Mary Auma Ooko v Enock Otieno Oyuga & Attorney General (Sued on behalf of the Ministry of Lands (Kisumu Land Registry) [2021] KEELC 3456 (KLR) | Admission Of Evidence | Esheria

Mary Auma Ooko v Enock Otieno Oyuga & Attorney General (Sued on behalf of the Ministry of Lands (Kisumu Land Registry) [2021] KEELC 3456 (KLR)

Full Case Text

REPUBLIC OF KENYA

IN THE ENVIRONMENT AND LAND COURT AT KISUMU

ELC CASE NO. 334 OF 2013

MARY AUMA OOKO...........................................................................PLAINTIFF

VERSUS

ENOCK OTIENO OYUGA..........................................................1ST DEFENDANT

ATTORNEY GENERAL (Sued on behalf of

the MINISTRY OF LANDS (Kisumu Land Registry)...............2ND DEFENDANT

RULING

The plaintiff closed his case on the 1/11/2018. The matter came up for defence hearing and the DW1, Enock Otieno Obuya testified. After the testimony by DW1 Mr. Mwamu sought to file witness statements of Mr. Joseph Ouma Ochilo and Amos Juma Sibondo whose names were in the list of witnesses but had not filed statements.

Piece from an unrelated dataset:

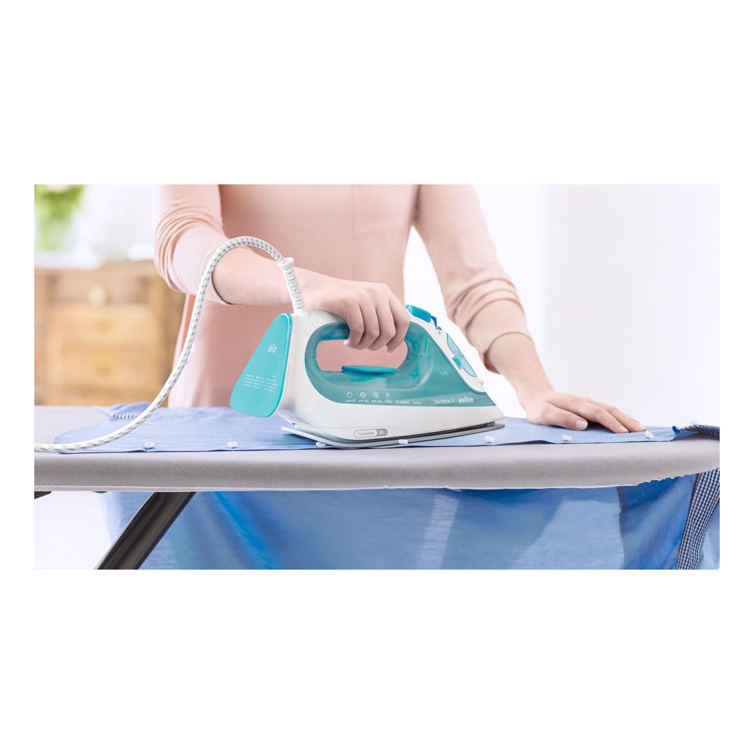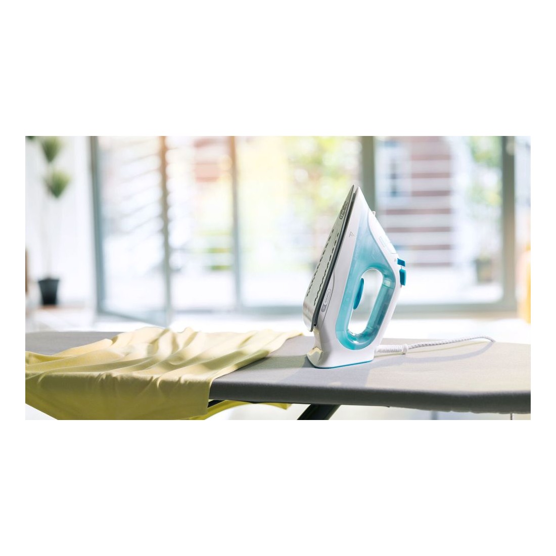 Esta plancha a vapor combina un diseño moderno en tonos turquesa y blanco con una potencia de 2350 W, pensada para quienes buscan resultados rápidos y profesionales en casa. Su suela cerámica asegura un deslizamiento suave sobre cualquier tejido, evitando enganches y cuidando la ropa. Además, el vapor continuo de 45 g/min y el golpe de vapor de 150 g/min permiten eliminar las arrugas más difíciles sin esfuerzo.

Mr. Mwamu’, learned counsel for the defendant argued that when he took over the case he thought that statements had been filed. He argues that the plaintiff will be prejudiced if not allowed to file statements. He refers to Article 159 of the Constitution of Kenya 2010. Mr. Onyango learned counsel for the defendant argues that the plaintiff’s case was closed. The defendant will be conducting trial by ambush if allowed to file statements at this point.

I have considered the oral application and submissions and do find that allowing the application would amount to allowing the defendant to ambush the plaintiff with new evidence when the plaintiff has closed his case. Moreover, it will be highly prejudicial to the plaintiff who has already let his cat out of the bag. Moreover, there is danger of the defendant attempting the panel beat his case to counter the plaintiff’s assertions and to suit his prayers.

In the case of P.H. Ogola Onyango t/a PittsConsult Consulting Engineers vs Daniel Githegi g/a Quantalysis [2002] eKLR Waweru J. when faced with a similar situation stated as follows: -

meant to facilitate a quick and expeditious trial of the action.  Though the court no doubt has jurisdiction to allow a party to introduce a document or documents once the opposing party has closed its case.  ………… To allow him to introduce documents after the plaintiff has closed his case will occasion the plaintiff serious prejudice that cannot be cured by cross-examination.  In Civil litigation there must be a level playing field.  That field cannot be level were one party permitted to introduce documents in the trial after the opposite party has closed his case, and many years after pleadings closed.

It is therefore my considered view that this court would be perpetrating injustice and would prejudice the plaintiff’s case if it was to allow the defendant to introduce new evidence.

The application lacks merit hence, I do dismiss the same with costs. Orders accordingly.

DATED AT KISUMU THIS 30th DAY OF APRIL, 2021

ANTONY OMBWAYO

JUDGE

This Ruling has been delivered to the parties by electronic mail due to measures restricting court operations due to the COVID-19 pandemic and in the light of the directions issued by his Lordship, the Chief Justice on 15th March 2019.